(Beginning of DATA EXCERPTS)

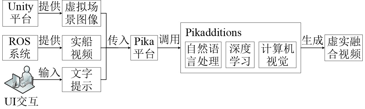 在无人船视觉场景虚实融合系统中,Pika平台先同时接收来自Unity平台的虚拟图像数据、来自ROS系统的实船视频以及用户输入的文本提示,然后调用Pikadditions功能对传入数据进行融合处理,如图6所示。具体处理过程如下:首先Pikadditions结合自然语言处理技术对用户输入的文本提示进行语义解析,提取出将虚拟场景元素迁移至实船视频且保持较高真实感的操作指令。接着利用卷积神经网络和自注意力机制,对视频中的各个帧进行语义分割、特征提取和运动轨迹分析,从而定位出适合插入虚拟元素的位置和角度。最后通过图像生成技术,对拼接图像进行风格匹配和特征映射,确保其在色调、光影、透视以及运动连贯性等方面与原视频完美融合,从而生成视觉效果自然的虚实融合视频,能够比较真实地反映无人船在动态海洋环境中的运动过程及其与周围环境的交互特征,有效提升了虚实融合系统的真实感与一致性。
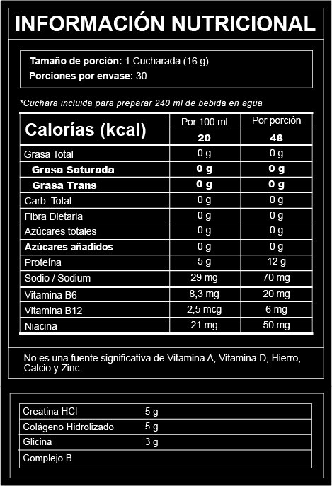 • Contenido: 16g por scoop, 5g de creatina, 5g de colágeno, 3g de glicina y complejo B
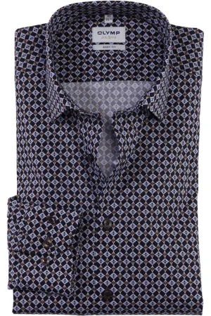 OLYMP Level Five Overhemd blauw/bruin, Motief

(End of DATA EXCERPTS)
(Beginning of DATA EXCERPTS)

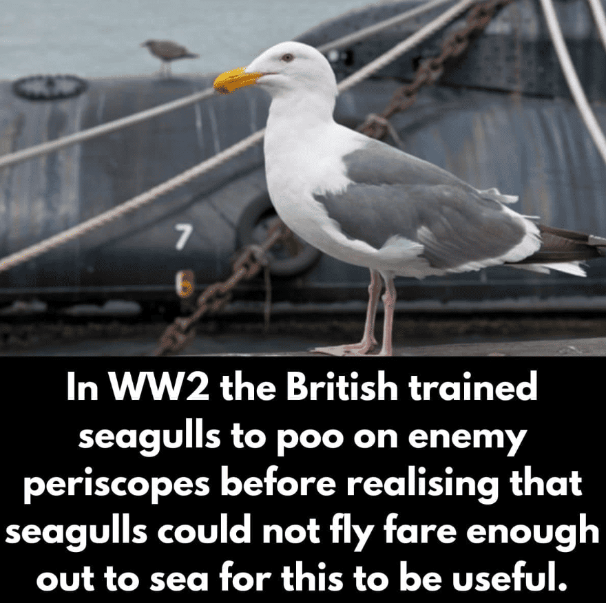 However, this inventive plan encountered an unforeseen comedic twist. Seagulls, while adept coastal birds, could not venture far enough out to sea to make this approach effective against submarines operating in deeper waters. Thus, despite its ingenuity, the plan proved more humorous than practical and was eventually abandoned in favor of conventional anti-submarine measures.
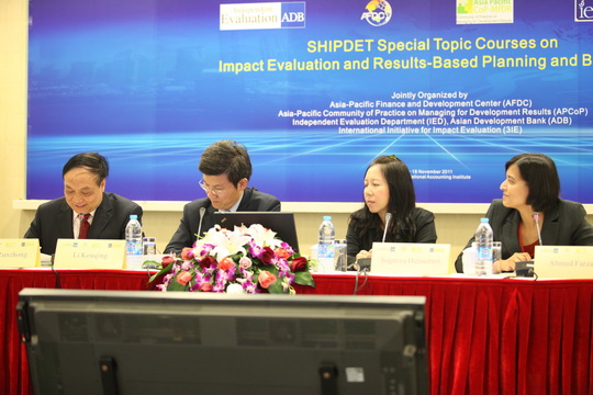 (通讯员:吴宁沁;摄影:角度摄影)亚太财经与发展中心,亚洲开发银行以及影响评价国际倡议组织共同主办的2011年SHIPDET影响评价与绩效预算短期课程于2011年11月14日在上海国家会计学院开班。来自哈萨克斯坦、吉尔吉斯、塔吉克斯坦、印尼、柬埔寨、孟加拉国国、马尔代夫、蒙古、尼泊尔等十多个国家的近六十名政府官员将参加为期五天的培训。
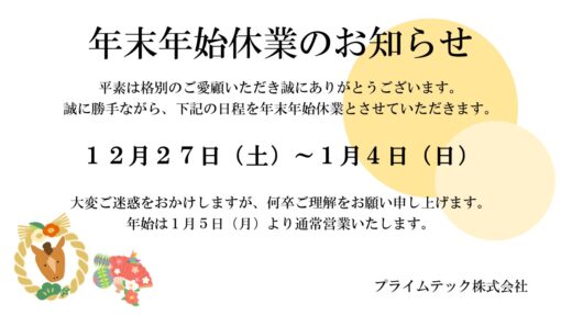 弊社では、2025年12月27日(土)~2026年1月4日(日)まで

(End of DATA EXCERPTS)

ASSIGNED TASK. Go to the line above holding "在无人船视觉场景虚实融合系统", then copy exactly each line down to and including the one holding "OLYMP Level Five", leaving pictures out.

SOLUTION.
 在无人船视觉场景虚实融合系统中,Pika平台先同时接收来自Unity平台的虚拟图像数据、来自ROS系统的实船视频以及用户输入的文本提示,然后调用Pikadditions功能对传入数据进行融合处理,如图6所示。具体处理过程如下:首先Pikadditions结合自然语言处理技术对用户输入的文本提示进行语义解析,提取出将虚拟场景元素迁移至实船视频且保持较高真实感的操作指令。接着利用卷积神经网络和自注意力机制,对视频中的各个帧进行语义分割、特征提取和运动轨迹分析,从而定位出适合插入虚拟元素的位置和角度。最后通过图像生成技术,对拼接图像进行风格匹配和特征映射,确保其在色调、光影、透视以及运动连贯性等方面与原视频完美融合,从而生成视觉效果自然的虚实融合视频,能够比较真实地反映无人船在动态海洋环境中的运动过程及其与周围环境的交互特征,有效提升了虚实融合系统的真实感与一致性。
 • Contenido: 16g por scoop, 5g de creatina, 5g de colágeno, 3g de glicina y complejo B
 OLYMP Level Five Overhemd blauw/bruin, Motief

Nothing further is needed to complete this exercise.